I think the tax reform elements of the State of the Union were among the speech’s finest moments, not so much as rhetoric but in terms of a practical intervention with the American political system. The reason, as Felix Salmon notes, is that the President was vague and evasive:
There were a lot of expectations, in the run-up to this SOTU, that Obama would present some really substantive proposals on the fiscal front. But it was not to be. There was a very vague hand-wave on the tax front — both corporate and individual taxes should be “simplified”, he said, without giving any details on the kind of loopholes that he wanted to eradicate. (Mortgage interest tax deduction? We can but hope.)

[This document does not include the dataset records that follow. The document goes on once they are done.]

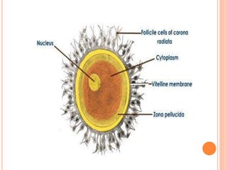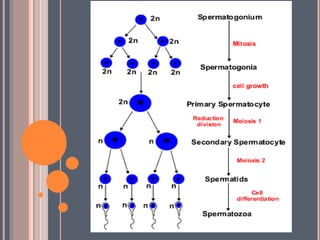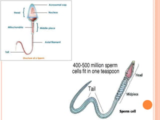 Gametogenesis is the process by which haploid gametes are formed from diploid germ cells in the gonads. There are two types: spermatogenesis and oogenesis. Spermatogenesis occurs in the testes and involves the formation of sperm from spermatogonia over 74 days, involving multiplication, growth, and maturation phases. Oogenesis occurs in the ovaries and also involves three phases to form ova from oogonia. The resulting gametes, sperm and ovum, differ in structure according to their roles in fertilization. Sperm are small, motile cells specialized for movement, while ovum are larger stationary cells specialized to receive sperm and support development.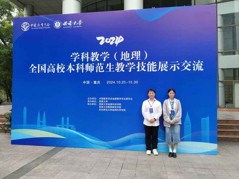 为提升地理师范专业师生的教育教学水平,增进与其他师范类院校的交流与联系,了解国内师范生培养的前沿动态,10月26日,Cool18 学生孙飞鸿和杨晨茜参加了在西南大学举办的第七届全国高校地理本科师范生教学技能展示交流活动。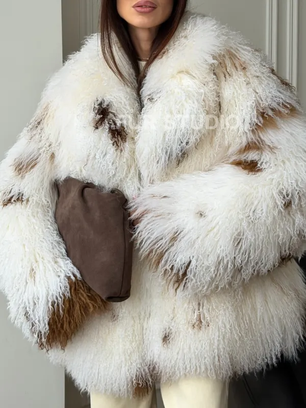 Шуба из ламы бело-коричневая 102550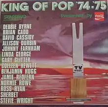 Ceremony details: Held on 25 October 1974, guest presenters: David Cassidy, Gary Glitter.[26][27] A compilation album titled King of Pop '74–'75 was released with tracks supplied by previous winners and guest presenters.[26] Next to the list of various artists, the cover depicts the trophy that was presented to award winners.[26]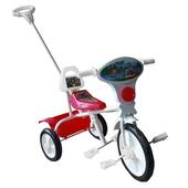 Металлические колеса, яркая передняя панель, сзади кузовок-корзинка для игрушек, удобная широкая спинка, управляющая родительская ручка, подножка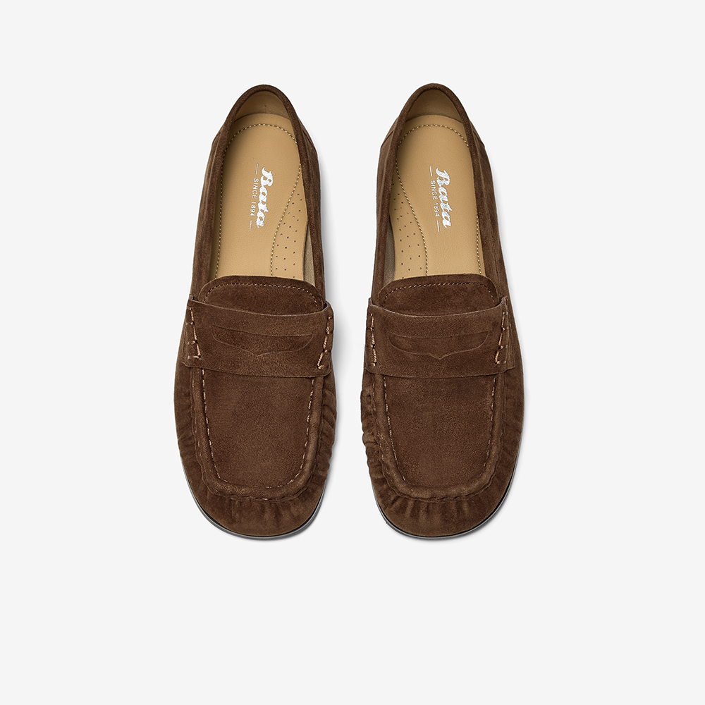 Bata乐福鞋女单2025秋季新款英伦风羊绒皮舒适百搭一脚蹬63081CA5

The implication here is that what the country needs from the president is some bold straight talk on taxes, and I think that’s just wrong. Look at what happened when the Bush administration kinda sorta went after the mortgage interest tax deduction—wonky bloggers praised him, Democrats slammed him, Republicans ran for the hills, he abandoned the idea, and everyone forgot the whole thing ever happened. If Obama had proposed a revenue-neutral phase out of the tax deduction, you’d just get the same thing in reverse.
The right way for the White House to engage with this issue is (a) vaguely, and then (b) in private. They need to try to credibly signal to reform-minded Republicans on the Hill that the President and his team won’t attack people who put technocratically sound proposals on the table. The point is precisely to avoid creating a partisan food fight over “Obama’s proposal to overhaul the tax code” while working constructively with people on the Hill to see what there might be support for. If you look back at the 1986 reform, the Reagan administration was definitely involved in the process, but it was overwhelmingly a behind-the-scenes thing that was about nudging good ideas forward rather than grandstanding for one day of good press.